While the police have chosen not to appeal against any adverse decisions, it is interesting to note that they have now changed the wording in section J of the form to include the word ‘conviction’.
As many of you may now be aware, there have been several District Court decisions where driving with excess breath alcohol charges have been dismissed on the basis of the wrong advice being provided by police to motorists. However, there have also been District Court decisions going the other way where this defence has been unsuccessful. The solicitor-general has now applied to the Court of Appeal under section 313 of the Criminal Procedure Act 2011 to have a solicitor-general’s reference in relation to this issue in order to settle the matter once and for all. The Court of Appeal has accepted that there is a question of law and has instructed that the hearing be set down as a matter of urgency.
Prosecution vs conviction
When a motorist fails a roadside breath-screening test they are required to accompany the police to undergo an evidential breath test.
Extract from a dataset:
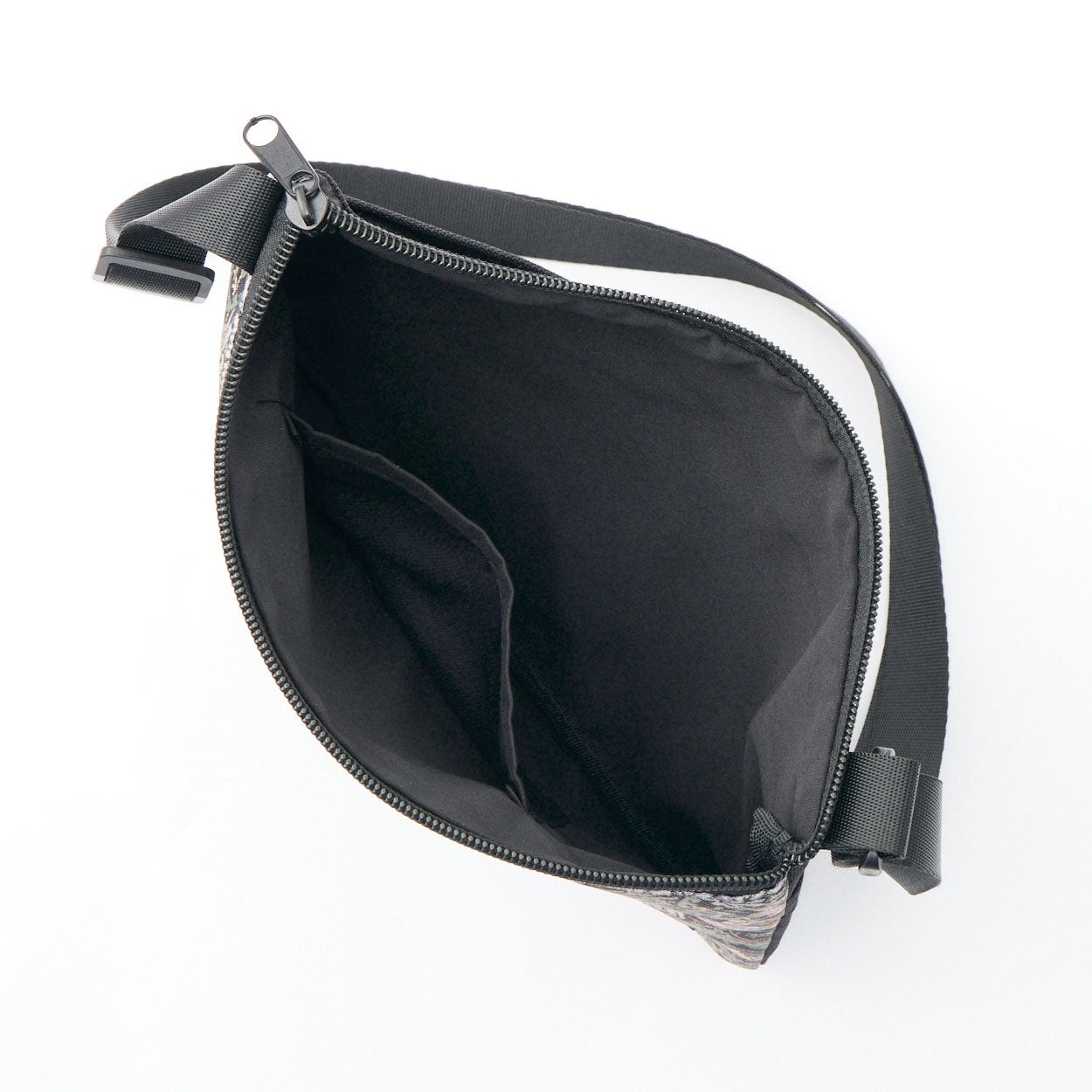 表地に“いちご泥棒”をプリントした軽くてコンパクトなサコッシュです。

While conducting testing procedures the police use a form which prompts them to give people their rights. These rights include being given the opportunity to speak to a lawyer and to elect to give a blood specimen. This form is called the ‘Breath and Blood Alcohol Procedure Sheet’ and has 16 sections labelled from A through to P. What has been happening is that after returning a positive evidential breath test, the advice provided to motorists by the police has been inconsistent with s77(3) and (3A) of the Land Transport Act 1998 (‘the LTA’). The advice motorists have been receiving was that if they did not within 10 minutes request a blood test, the evidential breath test they had just undergone could, of itself, be conclusive evidence in a prosecution against them. We know this was the advice being given by the police because this was wording used in section J of the Breath and Blood Alcohol Procedure Sheet. By contrast, s77(3A) of the LTA requires that a motorist is advised that the evidential breath test they have just undergone could of itself be conclusive evidence that could lead to their conviction. The argument is that the failure to provide the appropriate advice is fatal to a prosecution for drink-driving.
Drink-driving infringement notices
Since December 2014 there has been a two-tier drink-driving offence regime under the LTA. An adult with a positive breath test between 250 micrograms and 400 micrograms of alcohol per litre of breath commits an infringement offence where there is no conviction and no disqualification from driving, but the offence does attract a fine and demerit points. A positive test over 400 micrograms of alcohol per litre of breath is an imprisonable offence which can lead to a conviction and disqualification from driving. Judges who have been dismissing drink-driving charges have reasoned that there is a material difference in the meaning of the words ‘prosecution’ and ‘conviction’ in light of the new two-tier regime. While the police have chosen not to appeal against any adverse decisions, it is interesting to note that they have now changed the wording in section J of the form to include the word ‘conviction’.
What can be done about it now
The error in section J of the form could potentially lead to six-years’ worth of similar convictions being appealed because the old form has been used for roughly that length of time. It is estimated that this could affect up to 85,000 drink-driving convictions. So not only does it affect people who currently have active charges before the court, but also people who have drink-driving convictions within the past six years who were unaware that they had a potential defence to the charge at the time they entered their guilty plea. The courts have been taking a pragmatic approach to the problem by adjourning active cases before the court to a call-over hearing to await the result of the solicitor-general’s reference. For people who have convictions for drink-driving during the relevant period, they can file a notice of appeal against conviction to preserve their position in the event that the solicitor-general’s reference upholds the defence. That means that if the decision is favourable, then it may apply retrospectively to all appeals that were filed prior to the release of the decision. However, there is no guarantee that even if the court finds in favour of the defence, it will rule that the decision applies to earlier cases, but you have to be in to win!